Police Chief Rosie Sizer told the mayor's racial profiling committee last week that she hopes to deliver her plan to combat the problem by mid-October.

Last week's meeting, on Thursday, August 21, got way off its scheduled agenda to allow members of the group to hit back at the media for suggesting the group has achieved very little in almost two years ["Whitewashed," News, July 24]. Also, Oregon Action Executive Director Jo Ann Bowman and outgoing police union boss Robert King spent their usual 10 minutes arguing about whether racial profiling even exists.

But at the end of the meeting Sheila Warren, who is running a community campaign to end racial profiling, delivered a passionate plea to Sizer to deliver on a written plan. So far, the chief has only delivered rough "elements of a plan" to the group, in March 2007. In May 2008, Warren led a group of protesters to city hall, to deliver a 600-strong petition to the mayor's office demanding that the police bureau deliver on its public commitment to come up with something more comprehensive.

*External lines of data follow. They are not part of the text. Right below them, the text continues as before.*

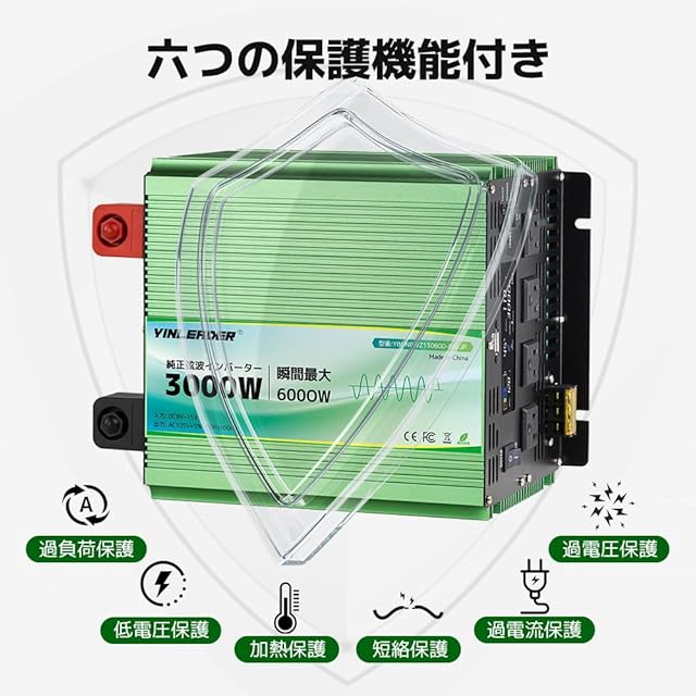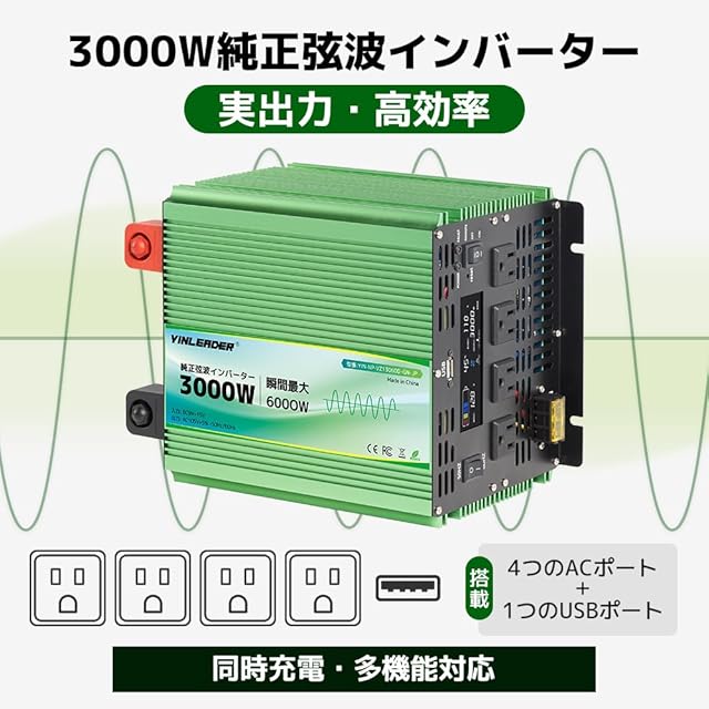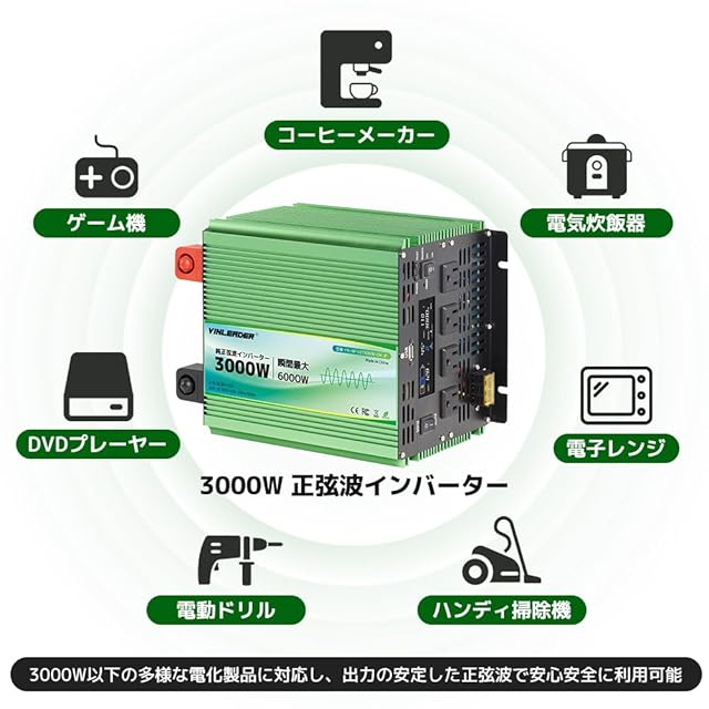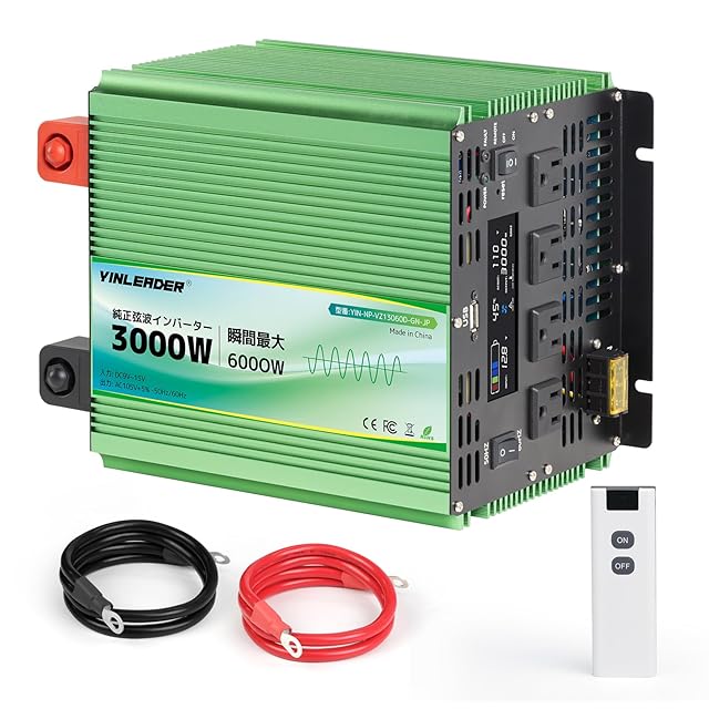 「2025最新」 Yinleader インバーター 正弦波 12V 3000W 最大 6000W DC12V(直流)AC100V(交流)入力電圧範囲: 9V-15V 出力電圧: 105V ± 5% 変換 50HZ 60HZ カーインバーター 災害対策 地震 防災用品 アウトドア 自動車 船 キッチンカー キャンピングカー 用品 キャンプ 緊急時で大活躍 停電の対策
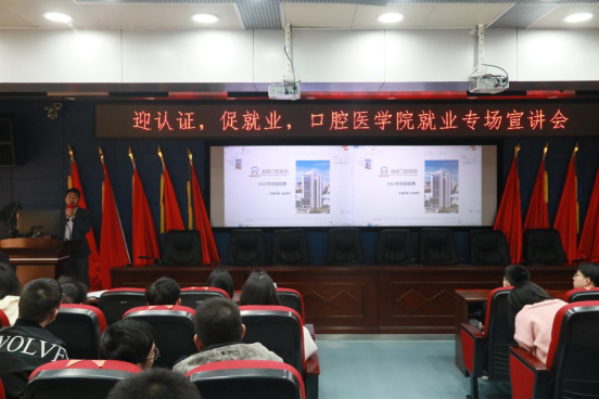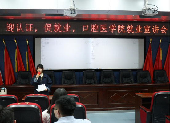 为进一步推动就业工作,拓宽毕业生就业渠道,帮助学生全面了解当前就业形势与政策,同时也为招聘单位与学生搭建沟通平台,3月9日,口腔医学院邀请常熟玉蕙口腔医院有限公司、海南口腔医院有限公司、京州口腔医疗有限责任公司、广州德仁口腔医疗有限公司在行政楼五楼学术报告厅举办“迎认证,促就业,口腔医学院就业宣讲会”,宣讲会由毕业班辅导员赵会主持。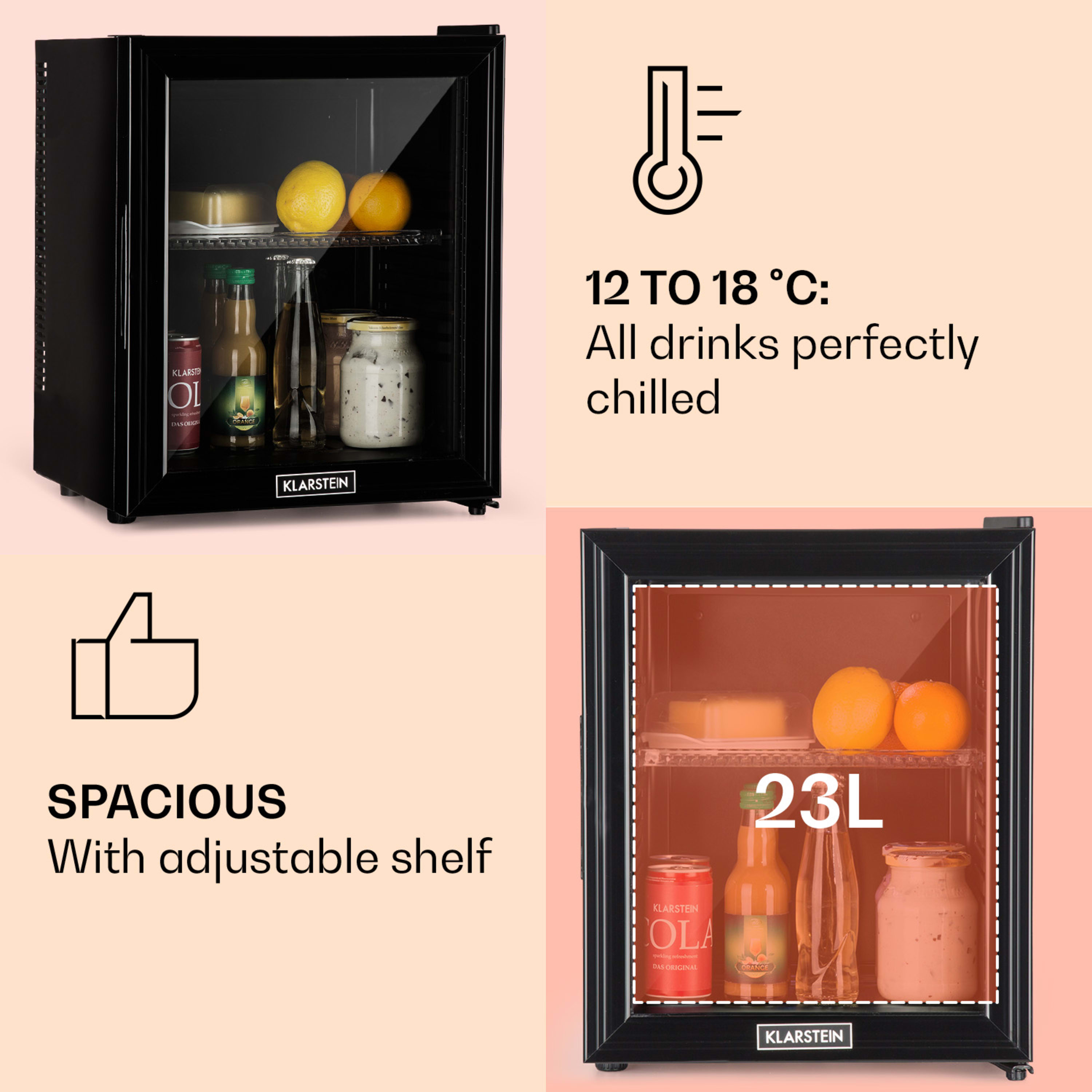 Компактен с голям капацитет за съхранение: мини хладилникът Klarstein Brooklyn 24 предлага достатъчно място с 24 литра използваем обем Гъвкаво вътрешно разпределение благодарение на пластмасовите рафтове, които могат да се разполагат на десет нива с разстояние 2 см. Има 3 степени от 12 до 15 °C за регулиране на охлаждането според нуждите.

"We want a work plan," said Warren last week, in tears. "I have to live with the fact that I'm profiled every day. Why can't we come up with a written work plan so that we can check off each of the things on the list?"

Bowman, and fellow committee member Carl Goodman, assistant director of the county's Department of Community Justice, told Wesson that the African American community is having a hard time overcoming years of mistrust with the police.

Sizer told Warren that the bureau has hired a technical writer, and that she expected him to have completed the written plan by "mid-October."

"I hear from different individuals about what you're doing in the community," Warren said. "But I haven't heard it, I haven't seen it, and it feels like we're not going anywhere."